Acquisition bolsters the insurance expertise of the multinational IT developer

IT company scoops up Canadian insurance solutions developer

Insurance News

By Lyle Adriano

GFT Technologies SE in the UK has approved the full acquisition of all shares of V-NEO, a Canadian provider of integrated IT solutions for the insurance industry.

V-NEO’s clients include some of the biggest insurers in Canada, Belgium, and France. The company has also acted as a service partner for the insurance platforms Guidewire and Oracle OIPA. Founded in 2011, V-NEO currently has 160 employees across its three sites in Quebec, Toronto, and Brussels.

A release said that through the acquisition of V-NEO, “GFT strengthens its expertise in the insurance sector, expands its market position in North America and gains a new location in Belgium.”

The purchase price will be paid in cash; both parties have agreed not to disclose the price.

As part of the consolidation, which closes August 2018, GFT expects additional revenues of about $11 million for this financial year. V-NEO will not make a significant contribution to GFT’s earnings in 2018 due to acquisition-related costs.

“The acquisition underpins our international growth strategy and medium-term forecast for 2022. The technological know-how and the client base of V-NEO are a perfect fit for GFT - as are its highly skilled on-site client consultants in North America and Europe, as well as the nearshore development teams in Canada,” said GFT Technologies SE CEO Marika Lulay during the contract signing.

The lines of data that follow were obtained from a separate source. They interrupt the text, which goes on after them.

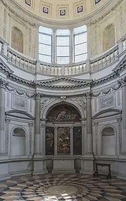 On the chapel's high altar, in front of the entrance, there is a painting by Bernardino India from 1579 depicting the Madonna and Child with St. Anne;[9] in the crescent a painting by Pasquale Ottini depicts the Eternal Father, while on either side of India's altarpiece there are two other paintings by Ottini depicting St. Joseph and St. Joachim.[24] Ottini's paintings were probably made between 1619 and 1623.[25] The building was intended to house other paintings, as evidenced by blank panels in the walls, which, however, were never made.[21]
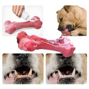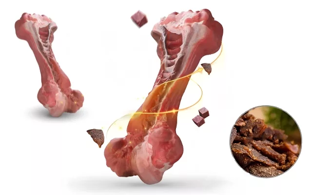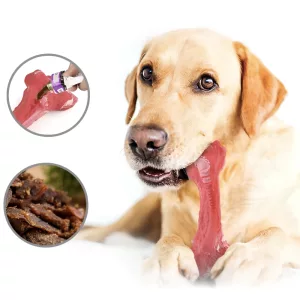 Infuzată cu aromă de carne, această jucărie de ros este irezistibilă pentru câini. Este ca o recompensă, dar fără calorii în plus.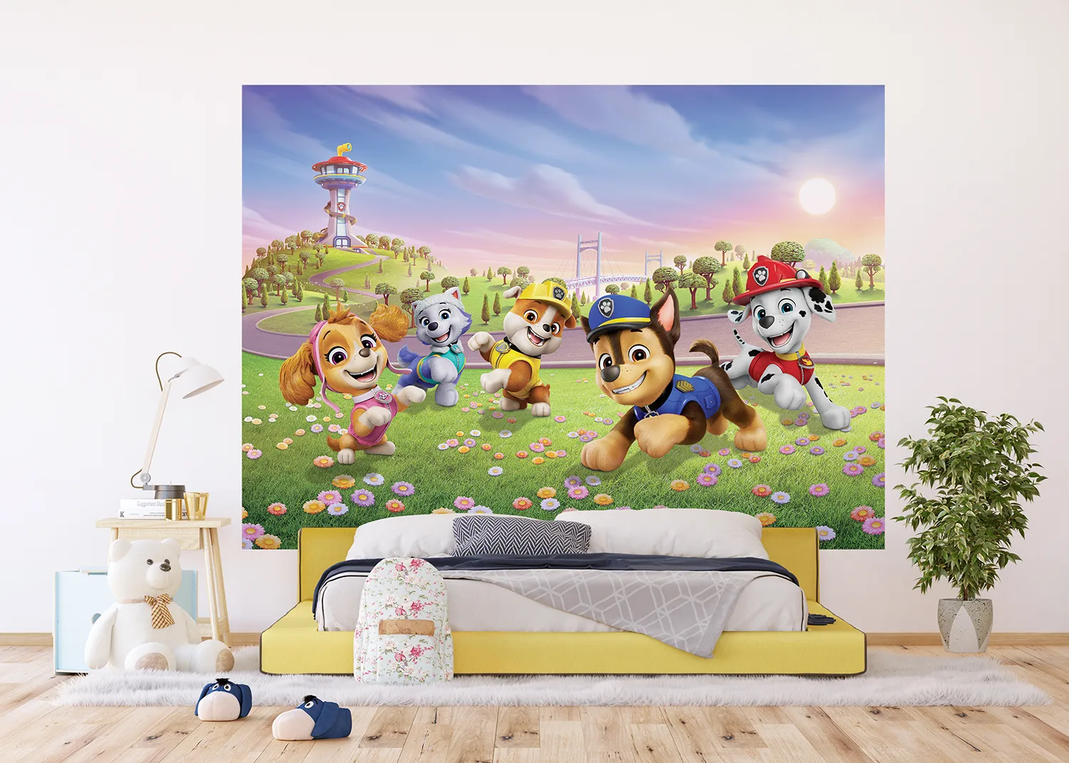 Fototapeta na zed‘ Tlapková patrola Štěňata na květinovém poli | 252 x 182 cm | FTDXL 2063

“With our deep insurance know-how and our technological skills, we are not just a perfect fit for each other, but will also help diversify GFT’s customer portfolio with our long-lasting client relationships,” added V-NEO CEO Alain Lamothe in a statement. “The international GFT presence enables us to recognize global industry trends at an early stage, tapping into the market potential together, both with our clients and our partners.”